クマザサ Kuma-Zasa Bamboo Grass
基本情報
- 和名
- クマザサ
- 分類
- 被子植物類 単子葉類 ツユクサ類 イネ目 イネ科 タケ亜科 ササ (Sasa) 属
- 英名
- Kuma-Zasa Bamboo Grass
- 学名
- Sasa veitchii
- 状況
写真とメモ
クマザサは、葉の周囲に白っぽい縁取りのあるので有名なササ。葉は太くて大きく、遠目でもよく目立つきれいな葉です。クマザサの「クマ」は漢字では「熊」ではなく「隈」で、葉の縁取り(=隈取り)を意味している名前だそうです。
この冬、園内にある竹と笹の写真をこのサイトに加えたいと思い、写真を撮ってみましたが、このグループ(イネ科タケ亜科)は基本的にみんなよく似ていて、分類がちょっと難しく、何回か写真を撮って資料で勉強しながら、掲載できそうなところまで来ました。参考にしたのは、ネット上の検索表(参考2のサイト)と、図書館で見つけた平凡社の図鑑(参考3)です。クマザサ以外も、種類がある程度わかったものから順にまとめてみます。
タケ・ササ類は常緑で、冬になっても葉が落ちません。クマザサの葉の縁取りの部分は、葉が生えたときはないのですが、最初の冬を迎えて葉の周囲だけが枯れることで形成されるそうです。上の写真の中央付近の3枚の葉に隈取りがないのは昨年生えた1年目の葉で、その周囲の隈取りのある葉は、既にひと冬を越えた2年目以降の葉なのだと思います。

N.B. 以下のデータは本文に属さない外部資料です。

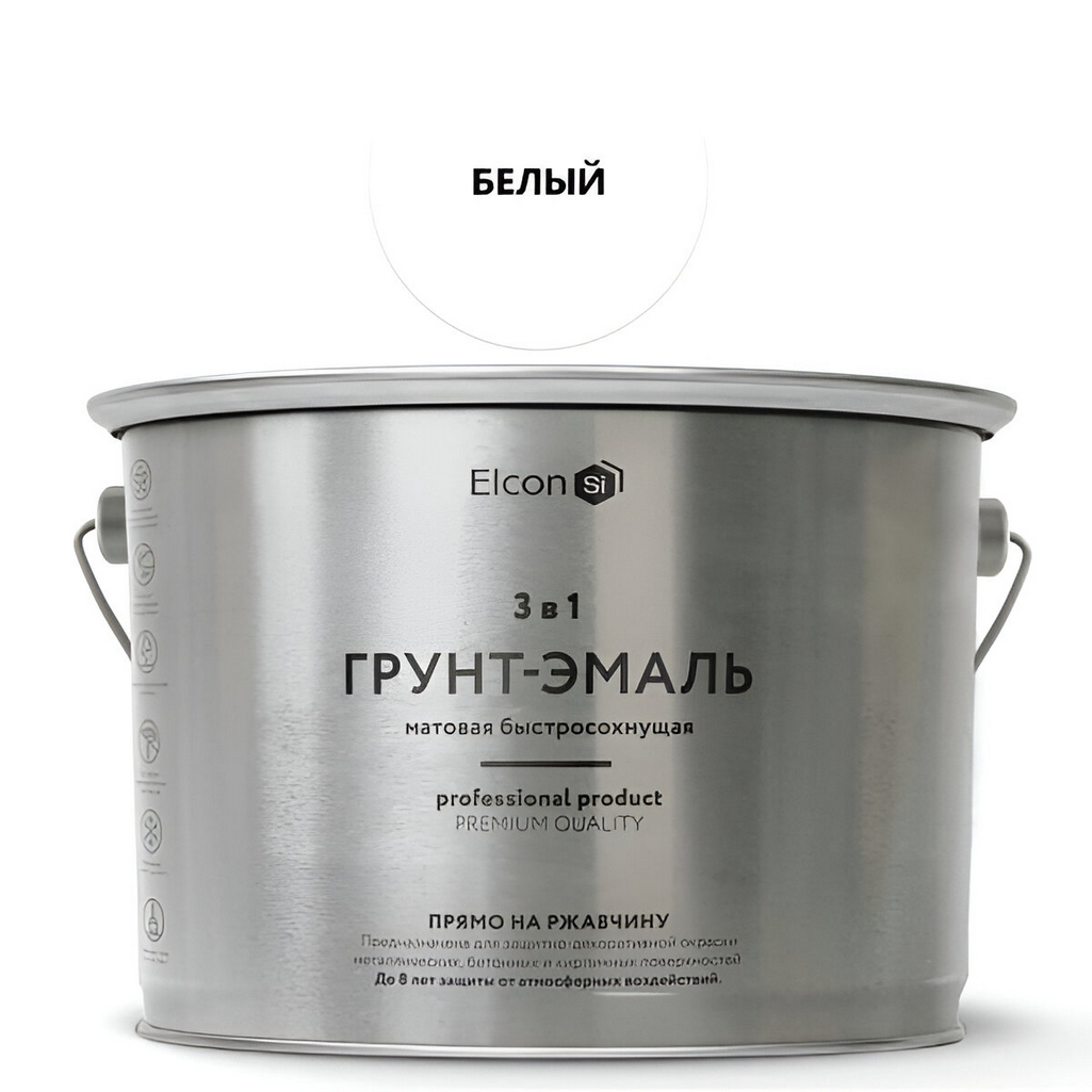 Грунт-эмаль Elcon 3 в 1, для внутренних и наружных работ, по ржавчине, матовая, белая, 2.0 кг

クマザサ以外で、同じような葉の縁取りが形成される種類には、ミヤコザサがありますが、ミヤコザサは、葉がクマザサのような幅広の葉ではなく細めで、葉の先端もクマザサのように急に細くならないこと、葉裏に細毛が生えることが区別点。
クマザサはきれいな種類なので各地に植えられていますが、もとは京都にだけ自生していた種類とのこと。一方、クマザサの変種として、チュウゴクザサという種類は北海道から本州、四国まで、国外では極東ロシアにも分布する種類のようです(参考3)。チュウゴクザサはクマザサよりも縁取りがはっきり出ないとのことですので、水元公園のは人為的に植えられたクマザサですね。チュウゴクザサがクマザサの変種という関係が納得いかないです(笑)。両方の分布の状況から考えると、ロシアや日本に広く分布するチュウゴクザサという種類に対して、京都にだけ分布する縁取りのきれいなクマザサがその変種、というほうが自然に思えます。どちらがどちらの変種というのは、命名がどちらが先だったかによって決まるようなものだと思うので、どちらでもよいのかもしれませんが。

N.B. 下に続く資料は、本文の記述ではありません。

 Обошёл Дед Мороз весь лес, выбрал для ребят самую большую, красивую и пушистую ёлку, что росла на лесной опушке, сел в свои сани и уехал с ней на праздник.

この場所は水生植物園と植生保護区の境界の道路沿いですが、園内には、他にも何箇所かにクマザサの群落があります。ここでの草丈は1m以下ですが、クマザサ自体はもう少し丈が高くなることもあるようです。個々のクマザサが低いのは、道端なので刈られることがあるのかもしれません。

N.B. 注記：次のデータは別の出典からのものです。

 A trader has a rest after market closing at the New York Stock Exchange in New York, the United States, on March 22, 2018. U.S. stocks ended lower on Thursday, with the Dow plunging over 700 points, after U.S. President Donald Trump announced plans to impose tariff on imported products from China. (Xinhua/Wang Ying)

葉の付け根。葉鞘には毛がなく、肩毛と呼ばれる葉鞘の先端から生える太い毛もないように見えます。
1年目の葉の表側。ツヤがあって目立つ毛はなし。
葉裏にも毛はなし。
下の方の稈鞘(茎の部分のサヤ)です。黒い点は菌類などかと思いますが、はっきりとした毛が密生しています。
参考
- クマザサ (2018年9月26日 04:10 UTC)-『ウィキペディア日本語版』https://ja.wikipedia.org/wiki/%E3%82%AF%E3%83%9E%E3%82%B6%E3%82%B5
- ササ属チマキザサ節の検索表(イネ科-7 Sasa ササ属-3(チマキザサ節 Sect. Sasa)) - 『広島県の植物ノート』 http://forests.world.coocan.jp/flora/po-7.html#key
- 村田 源:イネ科 - 佐竹義輔他 編著、日本の野生植物 木本Ⅱ.平凡社、東京、1989.